§ Task to complete: Would you please repeat, word for word, only the lines from the one holding "如果说春节是展示亲情的最佳窗" through the one holding "步骤4:找到【猎豹清理大师】" in the material below, without the pictures?
═══ Supplied data
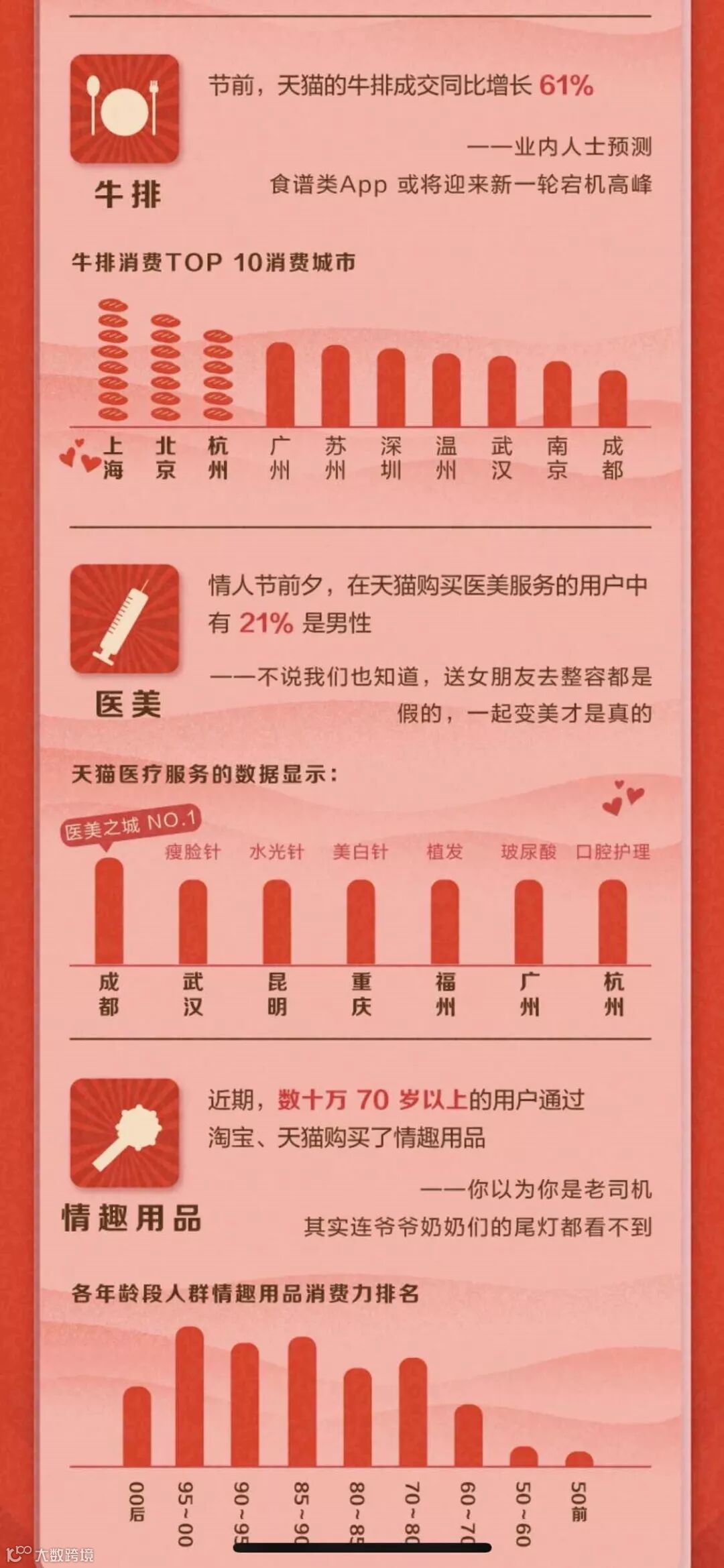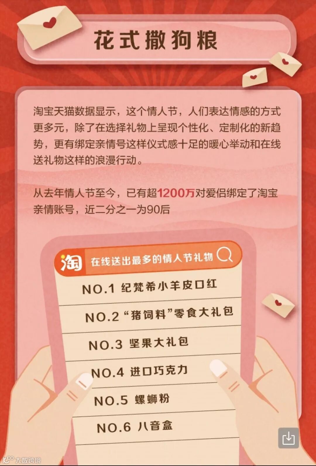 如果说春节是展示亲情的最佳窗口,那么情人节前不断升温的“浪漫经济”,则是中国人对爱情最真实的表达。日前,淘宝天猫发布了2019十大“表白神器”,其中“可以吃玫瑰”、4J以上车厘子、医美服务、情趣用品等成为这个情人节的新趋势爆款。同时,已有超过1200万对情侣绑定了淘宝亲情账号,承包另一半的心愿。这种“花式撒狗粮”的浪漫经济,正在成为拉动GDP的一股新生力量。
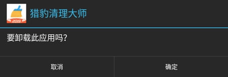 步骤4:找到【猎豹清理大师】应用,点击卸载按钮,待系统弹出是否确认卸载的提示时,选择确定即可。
══════
═══ Supplied data
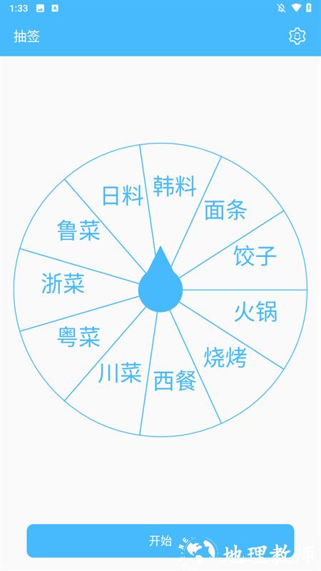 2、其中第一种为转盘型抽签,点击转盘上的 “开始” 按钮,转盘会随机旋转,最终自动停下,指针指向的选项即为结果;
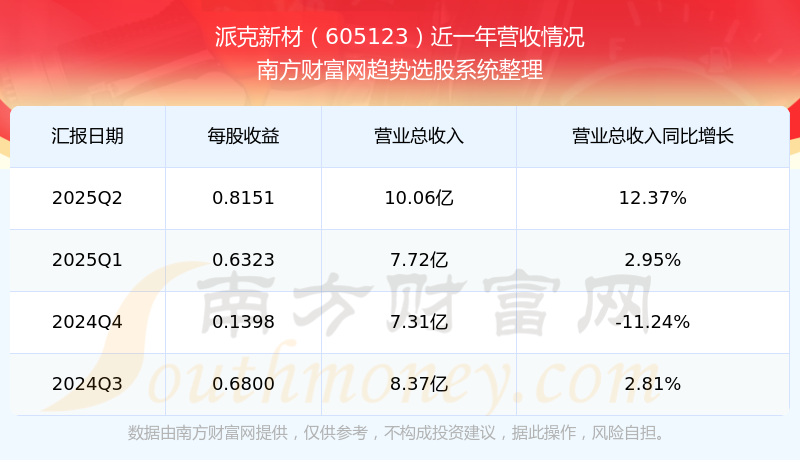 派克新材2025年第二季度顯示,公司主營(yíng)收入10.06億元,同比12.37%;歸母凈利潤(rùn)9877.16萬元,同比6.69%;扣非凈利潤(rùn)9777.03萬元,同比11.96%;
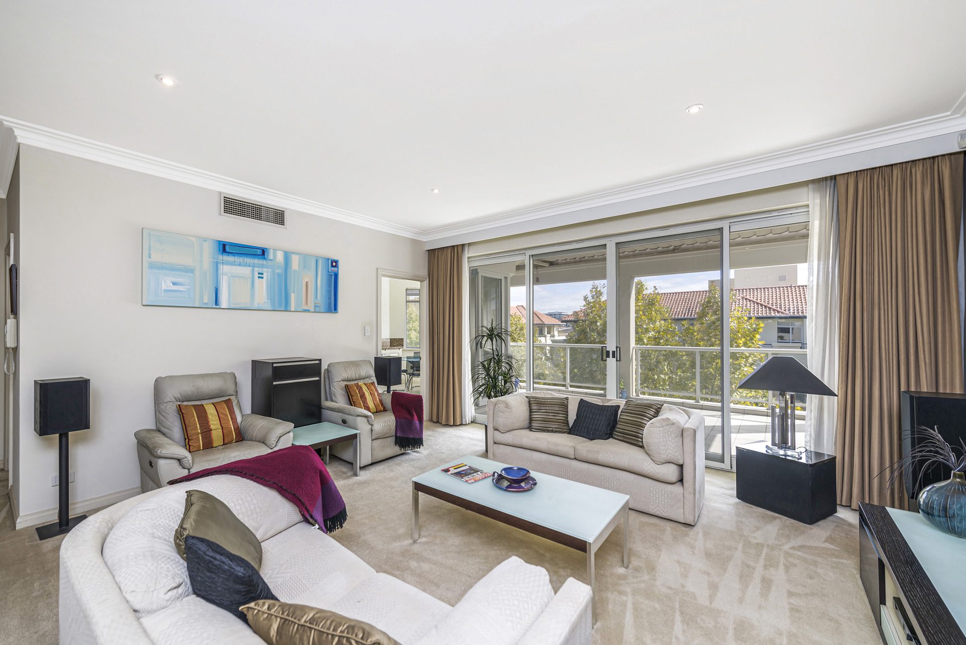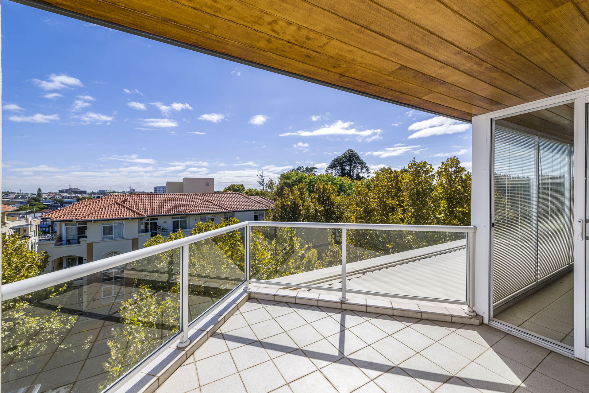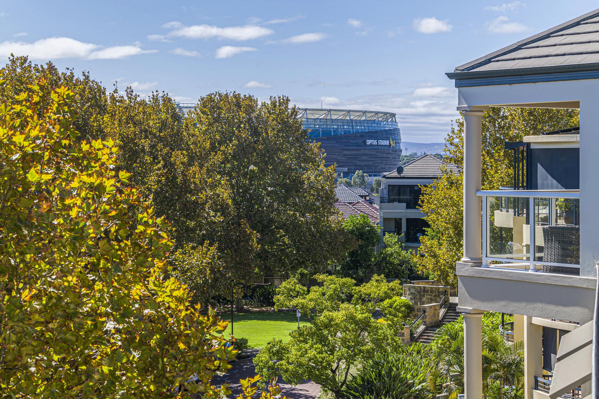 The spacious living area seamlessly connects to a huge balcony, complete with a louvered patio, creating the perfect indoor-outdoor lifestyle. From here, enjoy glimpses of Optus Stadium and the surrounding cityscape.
══════
§ Output of the task:
 如果说春节是展示亲情的最佳窗口,那么情人节前不断升温的“浪漫经济”,则是中国人对爱情最真实的表达。日前,淘宝天猫发布了2019十大“表白神器”,其中“可以吃玫瑰”、4J以上车厘子、医美服务、情趣用品等成为这个情人节的新趋势爆款。同时,已有超过1200万对情侣绑定了淘宝亲情账号,承包另一半的心愿。这种“花式撒狗粮”的浪漫经济,正在成为拉动GDP的一股新生力量。
 步骤4:找到【猎豹清理大师】应用,点击卸载按钮,待系统弹出是否确认卸载的提示时,选择确定即可。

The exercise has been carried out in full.